Chief Executive, Department of Natural Resources
DECISION ON JURISDICTION
Background:
This matter relates to a property at 77 Gracemere Street, Newmarket, and described as Lots 4 and 99 on RP 65941, Parish of Enoggera. The matter before the Court relates to the preliminary question of whether the Court has jurisdiction to hear the merits of the case in respect of an appeal against an annual valuation of the subject land at 1 October 1997, under the provisions of the Valuation of Land Act 1944. Mrs M Witheyman appeared and gave evidence on her own behalf.
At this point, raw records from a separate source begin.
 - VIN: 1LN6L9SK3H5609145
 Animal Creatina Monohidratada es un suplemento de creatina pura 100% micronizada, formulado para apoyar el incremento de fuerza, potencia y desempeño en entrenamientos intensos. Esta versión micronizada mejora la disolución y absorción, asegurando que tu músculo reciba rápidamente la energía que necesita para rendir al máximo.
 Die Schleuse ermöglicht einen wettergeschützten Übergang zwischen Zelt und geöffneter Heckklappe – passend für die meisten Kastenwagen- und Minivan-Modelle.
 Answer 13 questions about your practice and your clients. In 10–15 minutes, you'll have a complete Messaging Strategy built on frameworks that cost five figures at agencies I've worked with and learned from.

Mr J O’Rourke, Principal Legal Officer, represented the respondent.
The Facts:
In order to understand the history of the appeal the following chronology of events needs to be considered:
· 9 March 1998 – The Chief Executive issued a valuation of the subject at $130,000;
· 20 April 1998 – Closing date for lodgment of objection with the Chief Executive.
· 23 April 1998 – Objection lodged with the Chief Executive claiming that the unimproved value should be $100,000.
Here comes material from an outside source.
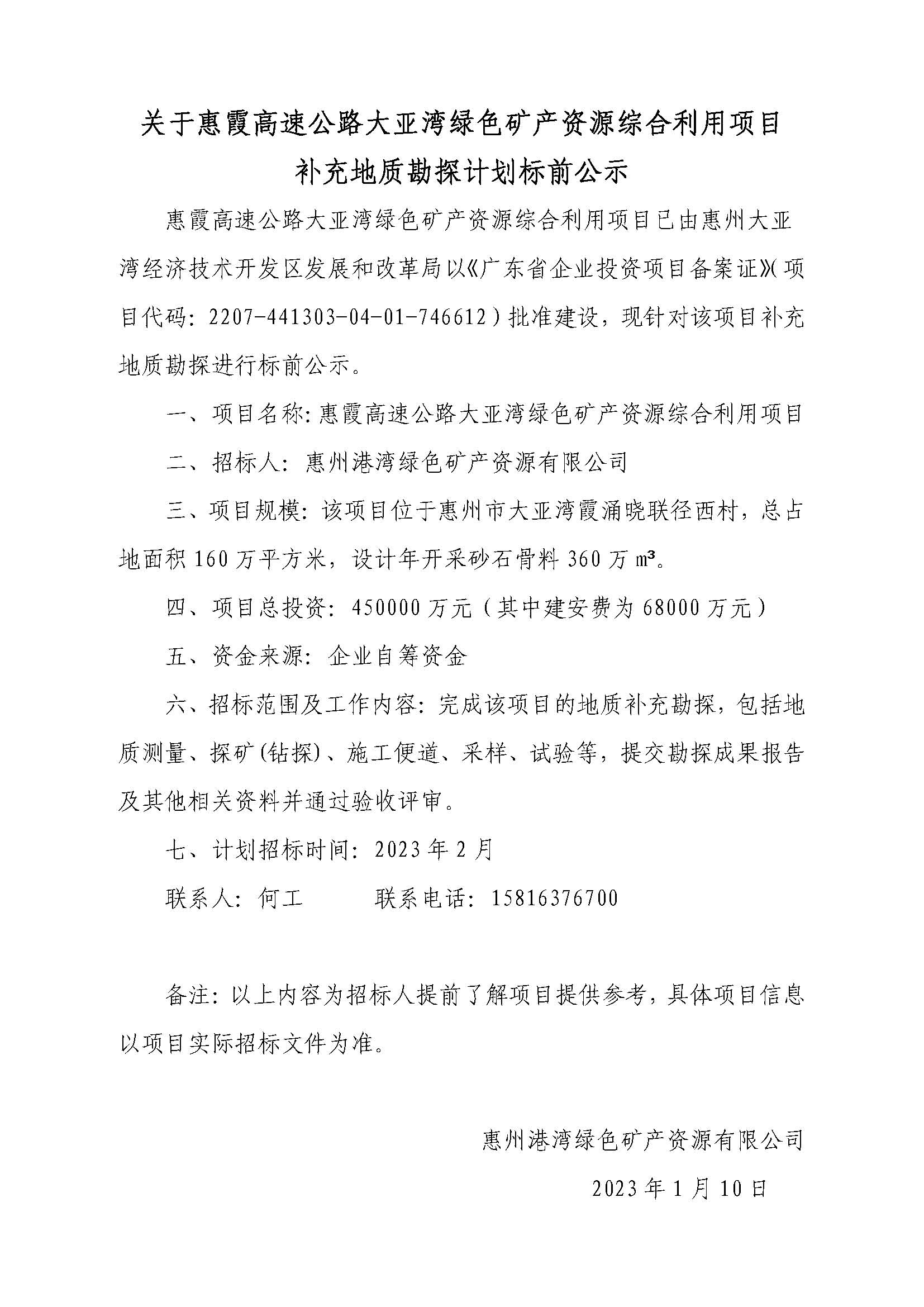关于惠霞高速公路大亚湾绿色矿产资源综合利用项目补充勘探计划标前公示

· 12 May 1998 – The Chief Executive acknowledged the receipt of the objection under section 52(A)(2).
· 6 October 1998 – The Chief Executive issued his decision disallowing the objection, and confirming the unimproved value at $130,000.
· 17 November 1998 – Due date for lodgment of an appeal with the Land Court.
· 17 November 1998 – Notice of appeal received by the registrar of the Land Court.
· 20 November 1998 – Registrar of the Land Court wrote to the appellant notifying that the appeal appeared to be defective in that it failed to provide the appellant’s opinion of the valuation of the subject land as required under section 56(3).
· 11 December 1998 – Due date for response to the requisition from the registrar, issued under section 58(1).
· 14 December 1998 – Completed notice of appeal delivered by hand to the office of the registrar of the Land Court.
· 16 December 1998 – Registrar acknowledges receipt of the completed notice of appeal (copy to respondent) advising that the notice appeared to have been filed out of time with the registrar, and that the matter would be set down to determine whether the Court had jurisdiction to hear the matter.
· 1 February 1999 – Letter from registrar of Land Court notifying that the matter would be heard in Brisbane on 18 May 1999.
· 25 February 1999 – Further letter from registrar advising that following adjustments to the Court diary the hearing of jurisdiction was now brought forward to be heard in Brisbane on 12 March 1999.
· 12 March 1999 – Hearing to determine the matter of jurisdiction.
Decision:
Before considering the events surrounding the lodgment of the appeal, I turn to the Valuation of Land Act. I note that in respect of an annual valuation section 45(1) provides for a dissatisfied person to appeal to the Land Court, and section 45(2) states:
“45.(2) Except as hereinafter by this section provided, an appeal shall not lie unless it is instituted within 42 days after the date of issue to the owner concerned by the chief executive of notice of the chief executive’s decision upon the objection (which date of issue shall be stated in such notice).”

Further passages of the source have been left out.